木造コンテナとトレーラーハウスを比較するポイント

木造コンテナ、トレーラーハウス、海上コンテナ改装、プレハブ。移動できる建物を比べるとき、どの観点で見れば自分の用途に合うものを選べるかを整理しました。

発信:株式会社 技術の杜(千の風プロジェクト)/二級建築士事務所 千葉県知事登録 第2-2206-7434号

海岸の岩場に並ぶ折り畳み式木造コンテナ Wing のイメージ

「コンテナハウス」「トレーラーハウス」「ユニットハウス」。移動できる建物を探すと複数の選択肢が出てきますが、それぞれ法律上の扱いも構造も違います。 どれが優れているかではなく、用途に対してどの観点を優先するかで選び方が決まります。

この記事では、比較するときに見るべき5つの観点を整理します。各方式の細かい制度要件は事業者や自治体によって扱いが異なるため、ここでは確認すべき論点の提示にとどめ、断定は避けます。

観点1:建築物として扱われるかどうか

最初に分かれるのがここです。

  • 基礎に固定して設置する建物は、建築基準法上の建築物として扱われ、規模や地域に応じて建築確認申請の手続きが必要になります
  • 車両として扱うことを前提にした方式は、随時かつ任意に移動できる状態を保つことなどの条件が問われます

千の風プロジェクトの Wing・BOX・Flat は前者で、建築確認申請の取得に対応した木造建築です。ただし申請の要否や条件は設置場所の用途地域等によって異なるため、個別に確認が必要です。

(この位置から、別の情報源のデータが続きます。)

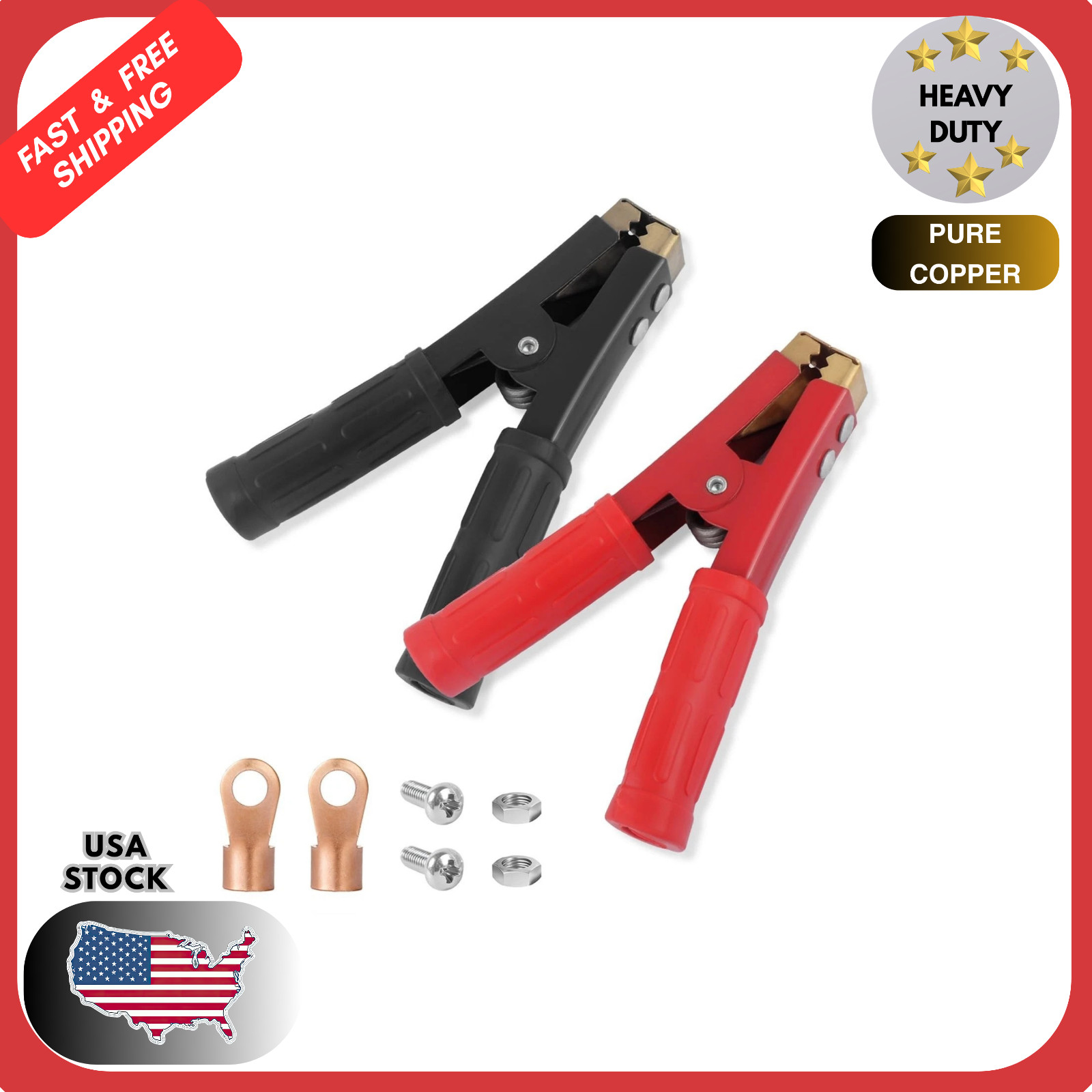 2PCS Car Battery Charger Clamps Replacement,1000A Heavy Duty Jumper Cable Clamps

住宅ローンや長期の資産計画を考えている場合、この違いは大きな判断材料になります。

観点2:構造と断熱

外観が似ていても中身は異なります。比較の際は次を確認してください。

確認する項目見るポイント
構造木造か鉄骨か。木造なら在来工法か2×4か
断熱材種類と厚み。壁だけでなく床・天井も入っているか
開口部サッシの仕様。寒冷地向けの選択肢があるか
内装の下地後から手を加えられる作りか

Wing は木造2×4で、断熱は標準がグラスウール90mm、高断熱仕様としてスタイロフォーム90mmを選べます。屋根はガルバリウム鋼板、外壁は角スパンガルバリウム鋼板または木板下見板張りです。

海上コンテナを改装する方式は、鋼板の内側に断熱層を設ける必要があり、同じ床面積でも内寸が変わります。「外形寸法」ではなく「使える内寸」で比べるのが実務的です。

観点3:設置場所の条件

土地の状態によって、選べる方式が変わります。

  • 平坦で整地済みの土地:ほとんどの方式が選べる
  • 傾斜地・高低差のある土地:造成が必要か、脚部で調整できるかで費用が変わる
  • 進入路が狭い土地:運搬時の寸法と、必要な作業スペースが制約になる

Wing は伸縮するジャッキベース付き柱脚が土地の不陸を吸収するため、造成を最小限に抑えて設置できます。また折り畳み時の外形は 約 幅2,150 × 長さ4,950 × 高さ2,600 mm で4tトラック平ボディに積載でき、現地で展開して 3,900 × 4,800 mm(18.72㎡)になります。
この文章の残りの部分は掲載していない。